_THE INPUT:_
....................
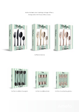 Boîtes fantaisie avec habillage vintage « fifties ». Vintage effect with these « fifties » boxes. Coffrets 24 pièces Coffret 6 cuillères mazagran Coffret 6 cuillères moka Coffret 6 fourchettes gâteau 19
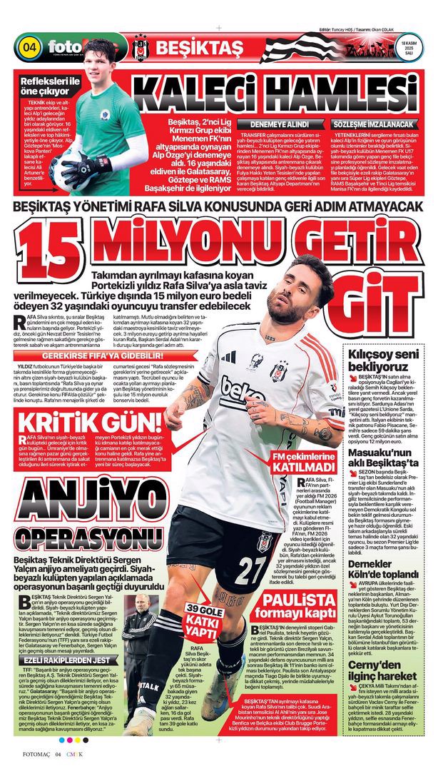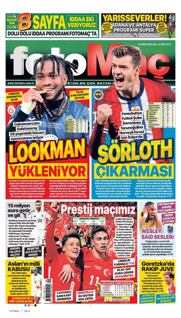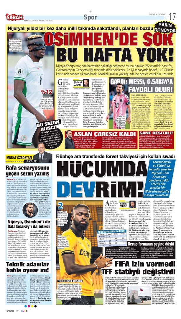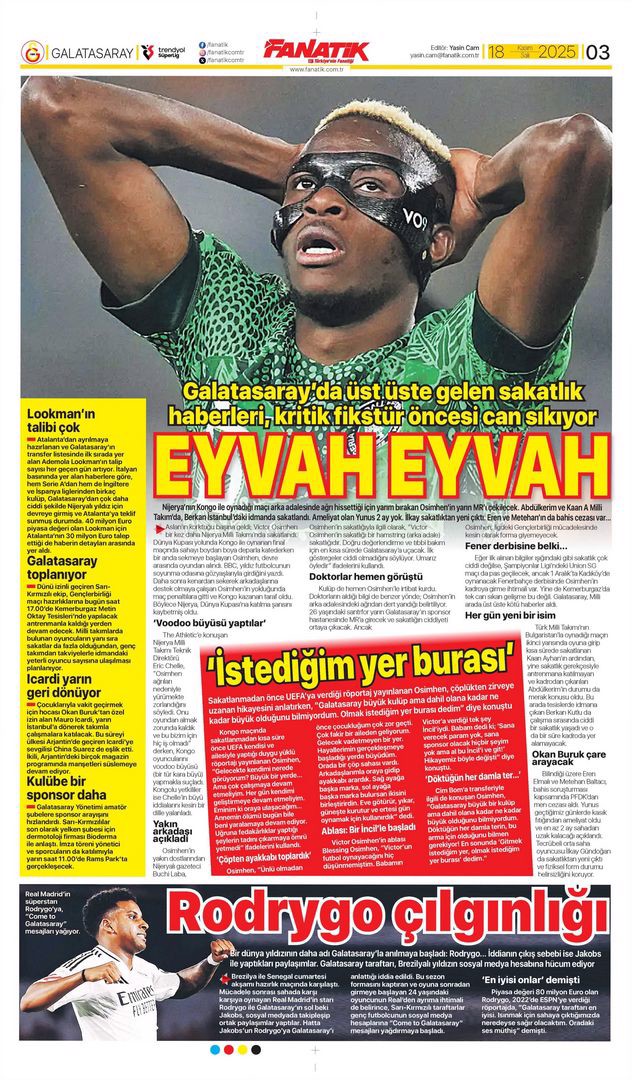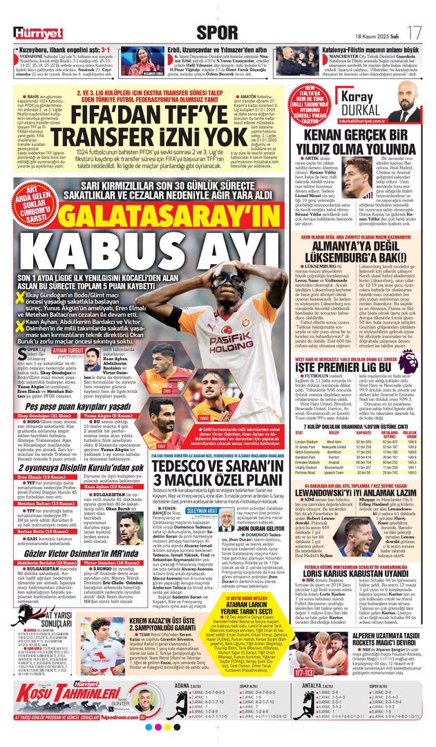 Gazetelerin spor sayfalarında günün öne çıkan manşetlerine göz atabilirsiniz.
....................
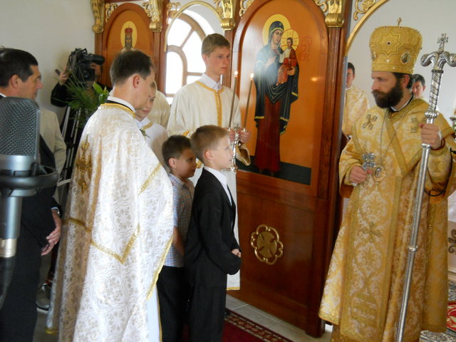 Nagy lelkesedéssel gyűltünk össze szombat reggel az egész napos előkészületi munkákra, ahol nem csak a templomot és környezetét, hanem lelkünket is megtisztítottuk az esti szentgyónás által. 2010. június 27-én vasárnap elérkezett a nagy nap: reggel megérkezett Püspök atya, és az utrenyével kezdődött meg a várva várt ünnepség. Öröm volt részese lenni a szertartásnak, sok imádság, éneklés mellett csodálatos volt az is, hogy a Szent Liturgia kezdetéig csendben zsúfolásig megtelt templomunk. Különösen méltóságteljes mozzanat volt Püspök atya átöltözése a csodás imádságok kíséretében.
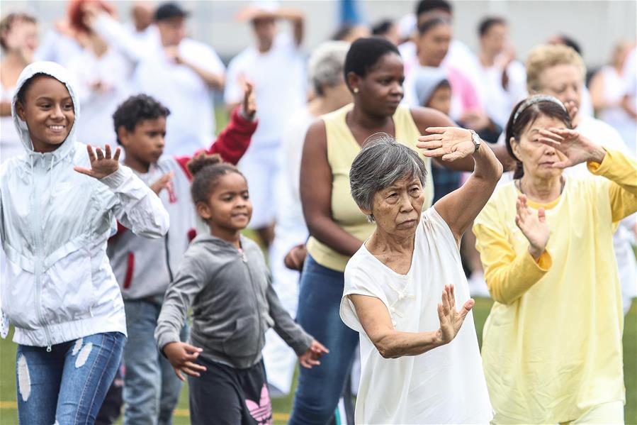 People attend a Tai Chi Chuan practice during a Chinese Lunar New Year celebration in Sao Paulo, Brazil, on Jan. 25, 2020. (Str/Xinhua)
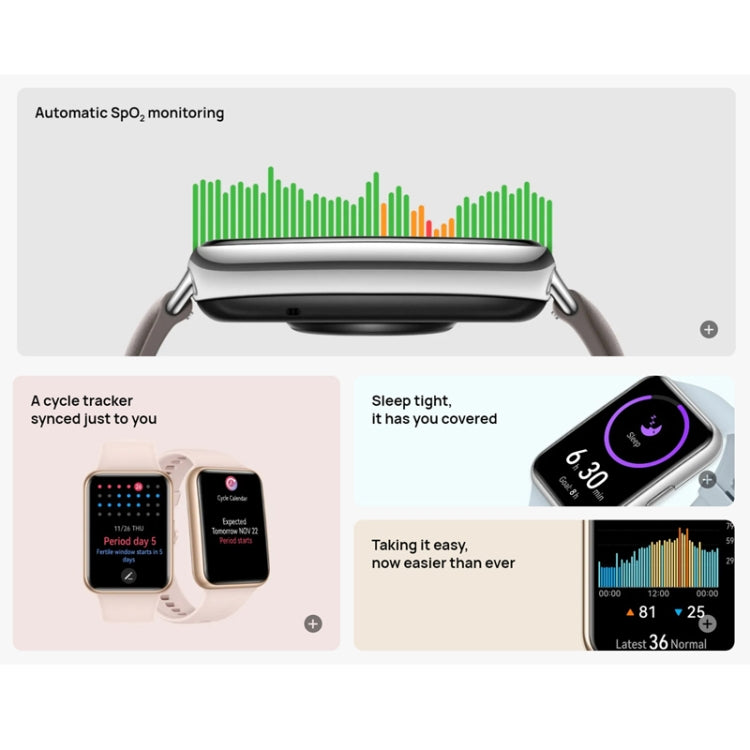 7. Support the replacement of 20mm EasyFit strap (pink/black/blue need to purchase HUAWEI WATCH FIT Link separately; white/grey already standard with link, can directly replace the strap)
....................
Above are records with pictures. Reproduce exactly only the lines from the line with "Boîtes fantaisie avec" through the line with "Gazetelerin spor sayfalarında", both ends included, and leave the pictures out.

_RESPONSE AREA:_
 Boîtes fantaisie avec habillage vintage « fifties ». Vintage effect with these « fifties » boxes. Coffrets 24 pièces Coffret 6 cuillères mazagran Coffret 6 cuillères moka Coffret 6 fourchettes gâteau 19
 Gazetelerin spor sayfalarında günün öne çıkan manşetlerine göz atabilirsiniz.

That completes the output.